VLATest: Testing and Evaluating Vision-Language-Action Models for Robotic Manipulation

September 19, 2024 · Declared Dead · 🏛 Proc. ACM Softw. Eng.

"No code URL or promise found in abstract"

Evidence collected by the PWNC Scanner

Authors Zhijie Wang, Zhehua Zhou, Jiayang Song, Yuheng Huang, Zhan Shu, Lei Ma arXiv ID 2409.12894 Category cs.SE: Software Engineering Cross-listed cs.RO Citations 15 Venue Proc. ACM Softw. Eng. Last Checked 4 months ago

Abstract

The rapid advancement of generative AI and multi-modal foundation models has shown significant potential in advancing robotic manipulation.
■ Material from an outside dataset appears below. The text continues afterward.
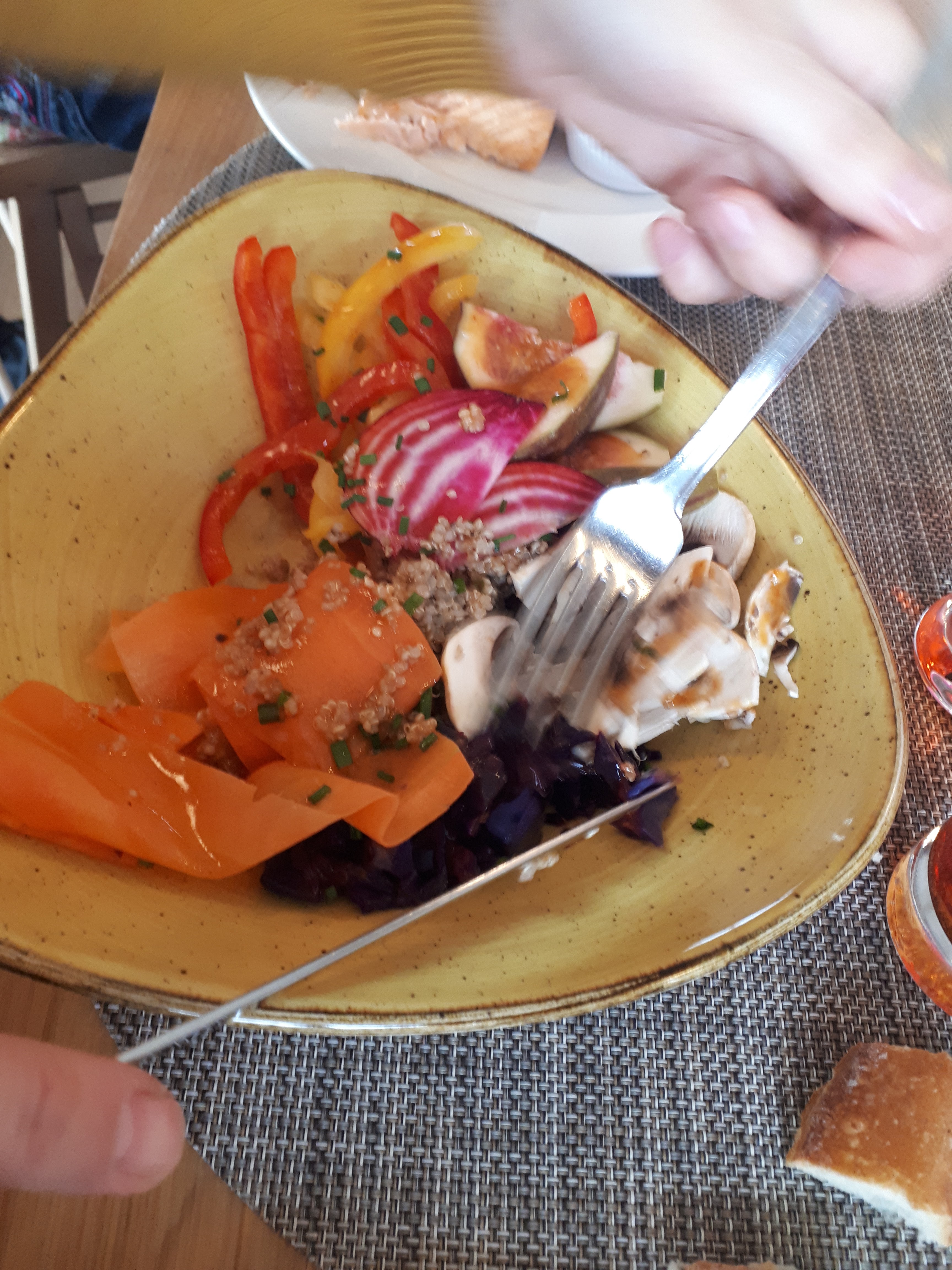 La nourriture est très bonne, on a pris le velouté au champignons (tres bonne!) Et le risotto cabillaud, dont le gout de risotto domine et un poke bowl. Les personnes qui travaillent la bas ne sont pas souriantes, le serveur nous a servi le plat avec l'oeuf sans le Velouté, apres nos interrrogations, il nous a regardé bizarrement.

Vision-language-action (VLA) models, in particular, have emerged as a promising approach for visuomotor control by leveraging large-scale vision-language data and robot demonstrations. However, current VLA models are typically evaluated using a limited set of hand-crafted scenes, leaving their general performance and robustness in diverse scenarios largely unexplored. To address this gap, we present VLATest, a fuzzing framework designed to generate robotic manipulation scenes for testing VLA models. Based on VLATest, we conducted an empirical study to assess the performance of seven representative VLA models. Our study results revealed that current VLA models lack the robustness necessary for practical deployment. Additionally, we investigated the impact of various factors, including the number of confounding objects, lighting conditions, camera poses, unseen objects, and task instruction mutations, on the VLA model's performance. Our findings highlight the limitations of existing VLA models, emphasizing the need for further research to develop reliable and trustworthy VLA applications.